The rocketing development of Micro-electronic mechanic system (MEMS) and Nano machine urgently required more fundamental and deep research of Nano-tribology. Hence the research of origin and mechanism of friction in molecular level is very meaningful to master the nature of friction and realize super-lubricity. Meanwhile, the simulation of the property of ultra-thin film and the investigation about the dissimilarity and resemblance between it and macro continuous fluid is vital important to design future micro-flow pipe and establish micro-flow theory.In this paper, the computer simulation tool– molecular dynamic simulation (MDs) is introduced at first and its special instruction in simulation of motion is listed as well.
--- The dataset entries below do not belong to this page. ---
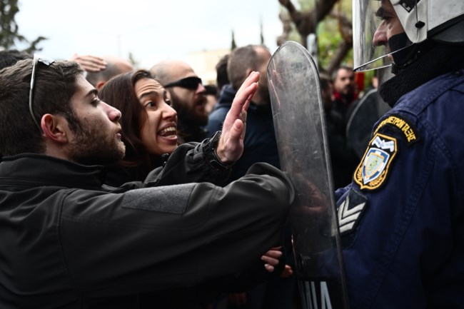 Τα επεισόδια συνεχίστηκαν και έξω από το ΑΤ Ζωγράφου, την ώρα που μετέφεραν την Ι. Κολοβού και τον γιο της στην Ευελπίδων!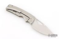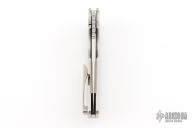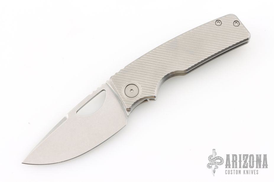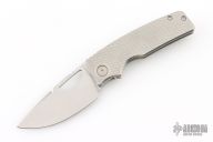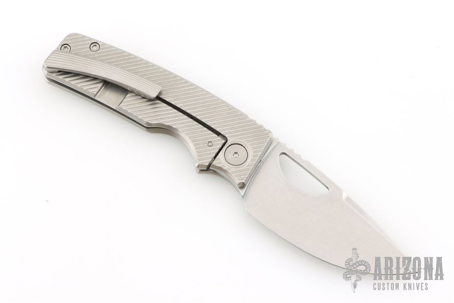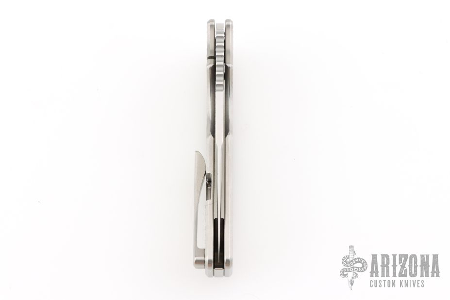 This knife by the OZ Machine Company features a tumbled Elmax blade with thumbhole and notched thumbrest. The handle features a bead blast finished titanium frame with a matching titanium backspacer and tip up clip with hidden screws. Includes box and papers dated 7-9-25 and s/n 4239. Excellent condition.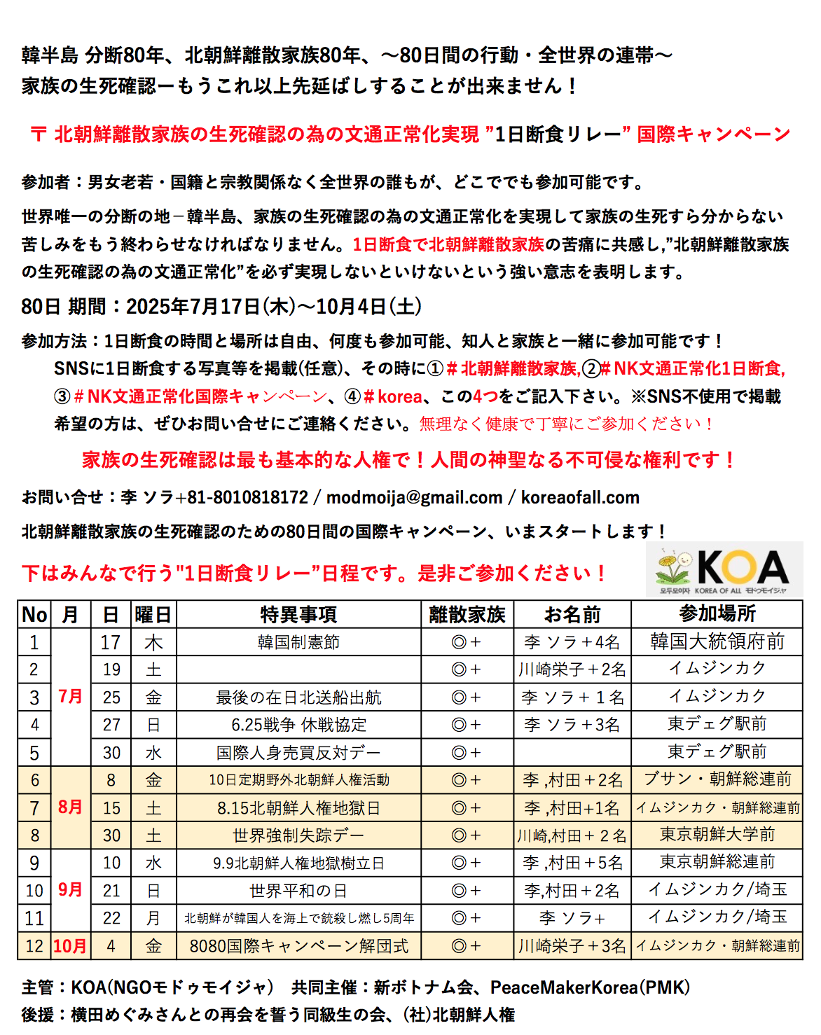 이산가족의 생사확인을 위한 서신교환 정상화 실현 80일간(2025.7.17~10.4)의 국제캠페인

With MDs, the dry friction is simulated under many conditions, according to the results, the condition under which super-lubricity appears is acquired and the reason why friction increases with the increase of velocity is analyzed.Moreover, The behavior of the slip between confined liquid and solid walls subject to planar shear is investigated using molecular dynamics simulations. In this simulation model, a wide range of fluid-solid interaction strength, fluid densities and fluid temperature are simulated in order to find the dominant effects on the slip length between the fluid and the solid wall, which is a key parameter for fluid dynamics. Results indicate that the slip length increases with the increase of temperature under large solid-liquid potential, while it decreases under small solid-liquid potential. An assumption about the origin of slip is proposed: structure difference between the neighboring layers of the slippage interface is responsible for the slip behavior.Finally, A Nano-bearing is simulated in this paper, the results indicate that the revised Reynolds'equation is valid under low shear rate. The load from lubricant to the bearing is proportional to the sliding rate, and the normal stress increases with the decrease of film thickness. However, under high shear rate, revised Reynolds'equation is invalid.